The change comes amid an ongoing debate in Canada over his legacy and how he should be remembered.
In the late 19th Century, Macdonald’s government initiated the creation of the residential school system.
For over a century, starting in the 1800s, more than 150,000 indigenous children were forcibly removed from their homes and sent to state-funded boarding schools, where children were forbidden to speak their language or practise their own culture. Some students died, many children experienced abuse.
In a statement on Wednesday, the Scottish National Party-led government confirmed it had removed articles on Sir John A Macdonald from the websites “following the legitimate concerns raised by Canadian indigenous communities about his legacy”.
“While we want to celebrate the very positive contributions Scottish people have made across the world we also want to present a balanced assessment of their role and are reviewing the wording of these articles in that light.”
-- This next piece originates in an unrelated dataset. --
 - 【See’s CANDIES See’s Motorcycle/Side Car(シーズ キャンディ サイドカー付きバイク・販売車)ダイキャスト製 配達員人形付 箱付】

References to the Sir John A Great Canadian Kilt Skate, an ice skating event in Canada funded in part by the Scottish government, have also been removed. The government is reconsidering future funding.
Sir John A Macdonald has long been celebrated in Canada as a nation builder – the father of Confederation who played a leading role in the effort to achieve a union of Britain’s North American colonies.
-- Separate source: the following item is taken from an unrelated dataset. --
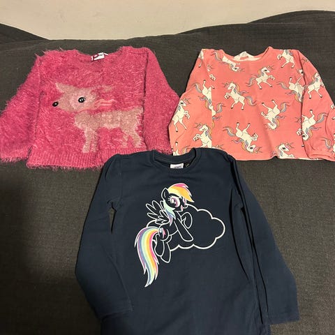 Pinkkejä hyväkuntoisia puuvillavaatteita yhteishintaan. My Little Pony T-paita, LoL pitkähihainen, Vendi kissapaita, Ciraf yksivärinen pitkähihainen, Ciraf joustavat farkut säädettävällä vyötäröllä ja Name it huppari.

But in recent years there have been growing calls to recognise the darker side of his complex legacy, which includes establishing the residential school system. Its impact has been depicted as “cultural genocide”.
In his determination to connect the country from coast-to-coast with a transcontinental railway, his government also forced some First Nations from traditional territories, withholding food until they moved to areas designated as reserves.
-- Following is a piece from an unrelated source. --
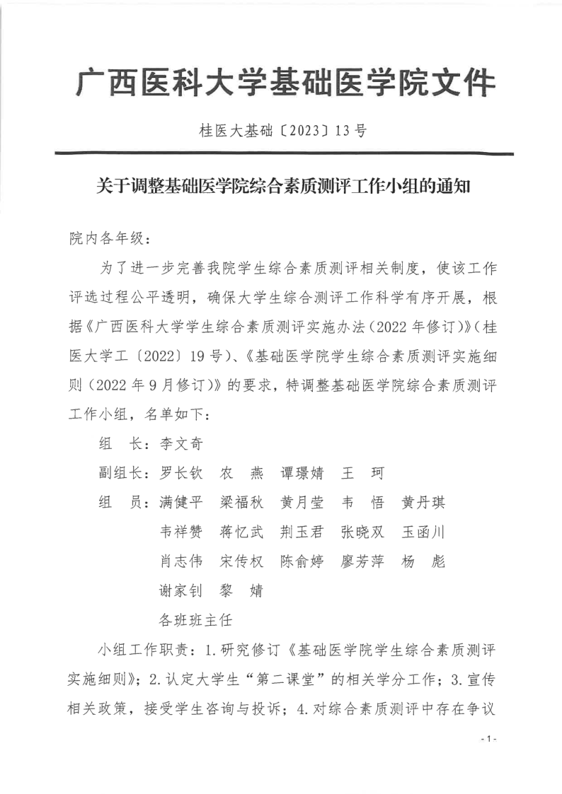 关于成立基础医学院2024届毕业生就业创业 工作领导小组的通知

Calls have grown to remove his statues and his name from buildings across the country.
Most recently, a statue of Macdonald was removed from the entrance of city hall in Victoria, British Columbia, taken down as a gesture towards reconciliation with indigenous people in Canada.
The Canadian Historical Association recently removed his name from one of their prizes.
The debate around monuments recognising the first prime minister and other historic Canadian figures echoes the movement in the US to remove Confederate symbols from the 1861-65 American Civil War.
So far, the Canadian government has resisted calls to remove Macdonald’s name from federal properties.
Last week, federal Environment Minister Catherine McKenna said she has asked bureaucrats overseeing historic sites to look at how to address concerns with monuments like those to Sir John A Macdonald, but she added that “you can’t erase history”.